Campus & Community

The Big Picture

2 min read

Charles Schaff: Bone collector

Charles Schaff
Make no bones about it: Charles Schaff loves his job.

As curatorial associate for the Museum of Comparative Zoology’s (MCZ) vertebrate paleontology department, Schaff oversees a collection of several hundred thousand bones, primarily fossils. He prepares, catalogs, and loans the collection, which lives in three rooms of steel cabinets fitted with drawers.

“It’s like a big warehouse full of parts of animals that existed through time,” says Schaff.

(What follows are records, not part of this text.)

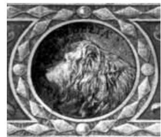
Fedeltà - Fidelity
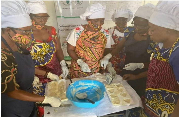
Training on producing artisanal soap in Maratane refugee settlement / 2023 ©UNHCR Mozambique.
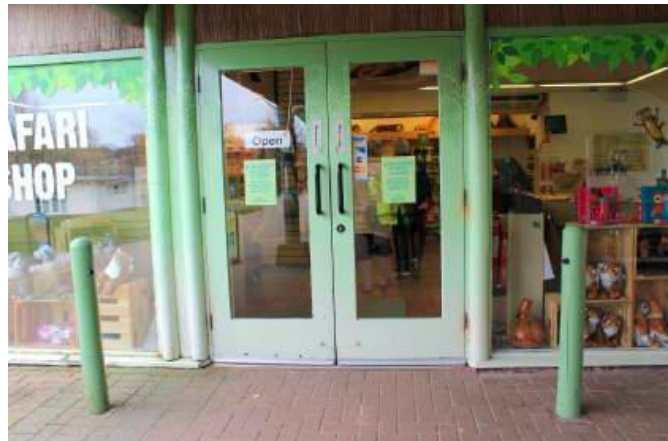
Shop front door entrance

Located next door to the Oasis Restaurant and accessed from the car park via dropped kerbs, our spacious and light gift shop can be accessed by pull doors 169cm wide.
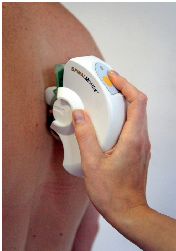
Fig. 1 The Spinal Mouse® device.

The device is provided with a measuring head with two wheels that automatically adjust themselves to the contour of the spine. During the measuring, the examiner stands behind the examined person and fluently guides the wheels in contact with the skin along the spine over the spinous processes from C7 processus spinosus to the beginning of the gluteal groove, where is the presumed position of S3 (Fig. 1). The turning of the wheels and the changes of inclination of the device towards the vertical line are simultaneously recorded during the examination. This data is wirelessly transferred to the computer, where
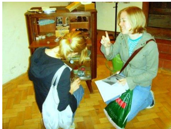
Exhibition visitors looking at found objects display
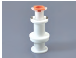
100AD-30S For 20/30 ml syringe
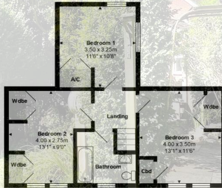
First Floor Area: 48.2 m 2 ... 519 ft 2 Heat-Loss Perimeter: 31.3m ... 103ft

Total Area: 131.4 m 2 ... 1414 ft 2 (excluding conservatory / garden room)
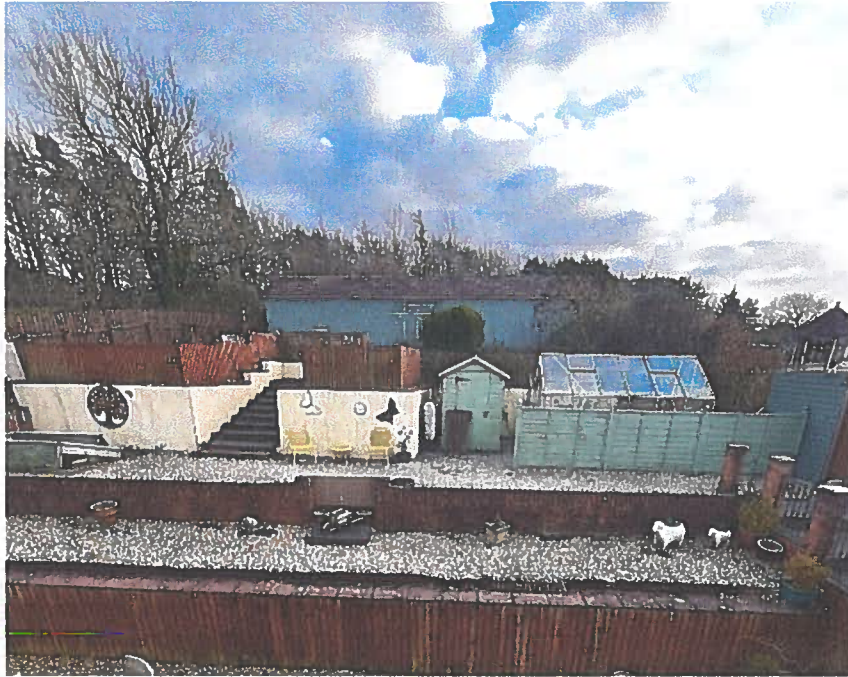
View from 1 st Floor
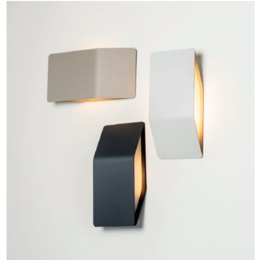
Pictures above might not show the specified dimensions or material. They are for illustration purposes only.
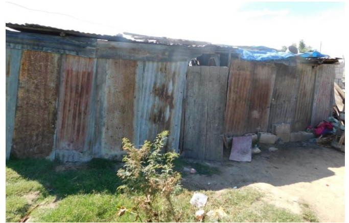
Home of one of our sponsored children

I would like to share a little about one of our sponsored children. This may give you a better idea of why the sponsorship is so important. This little girl is in the second grade. She lost both of her parents to the cholera epidemic. She has two sisters who are living with an aunt. This little girl lives with a grandmother and grandfather who are both sick. There is also an aunt and little baby that live there in this horrible excuse for a home. We gave everyone there medicine (Tylenol, cough syrup etc) as they were not able to afford these things. Their home is only a few pieces of tin barely held together and leaning against a concrete block wall. It had been raining a lot when we were there and as you can see the holes in the roof don't keep out much water. The dirt floor was a muddy mess. And they had no food. (Yes, we left some) Your donations of rice and peanut butter, and medicine help families like this. The sponsorship lets the little girl go to school. Thank you for helping families like this.
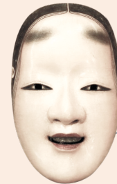
Noh mask Noh-men or Omote
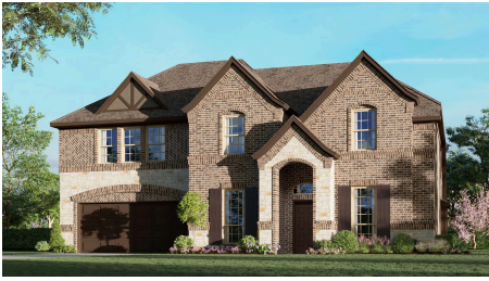
3135 A with Stone
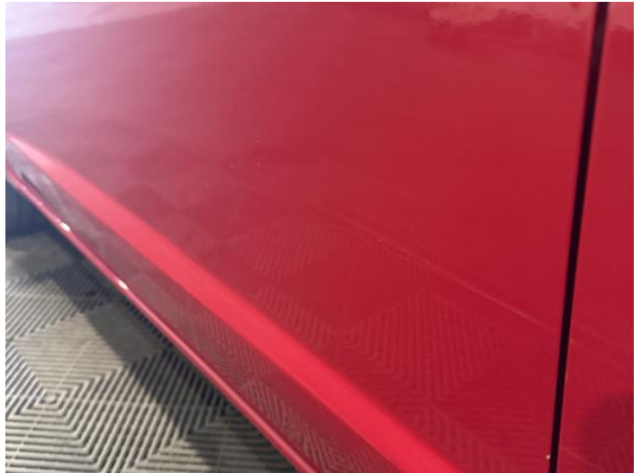
4: Door nsf Scratched Over 25mm Thru Paint

The bulk of the collection comes from the late Triassic period, about 225 million years ago. “I do have some recent stuff here,” he says. “It’s from about 10,000 years ago. That’s young.” Researchers use the collection to connect the evolutionary dots among the vertebrates – mammals, reptiles, fish, birds, and amphibians.

More than just a caretaker, Schaff also adds to the collection, joining his colleagues on one or two collecting trips each year to fossil hot spots around the globe. He’s gone on expeditions to Asia, Argentina, Greenland, Africa, and the deserts and mountains of the American West. He points proudly to a fierce-looking skeletal creature on his desk. “That’s one of my best finds,” he says, recalling the story of discovering the fossil of this cat-sized mammal, called Gobi conodon, on a hot day in 1974 in Montana.

Schaff grew up in New York City where, he admits, fossil finds are few. As a kid, he says, “I liked to wander around and explore. Paleontology is not that different: You’re hiking around, looking at things.” Schaff found his way to New York’s American Museum of Natural History, where he fueled his passion for fossils. College took him west, “where the fossils were,” to West Texas State University. There, he went on expeditions and learned the craft and science of paleontology. After stints at museums at Princeton and Yale, Schaff came to the MCZ in 1970.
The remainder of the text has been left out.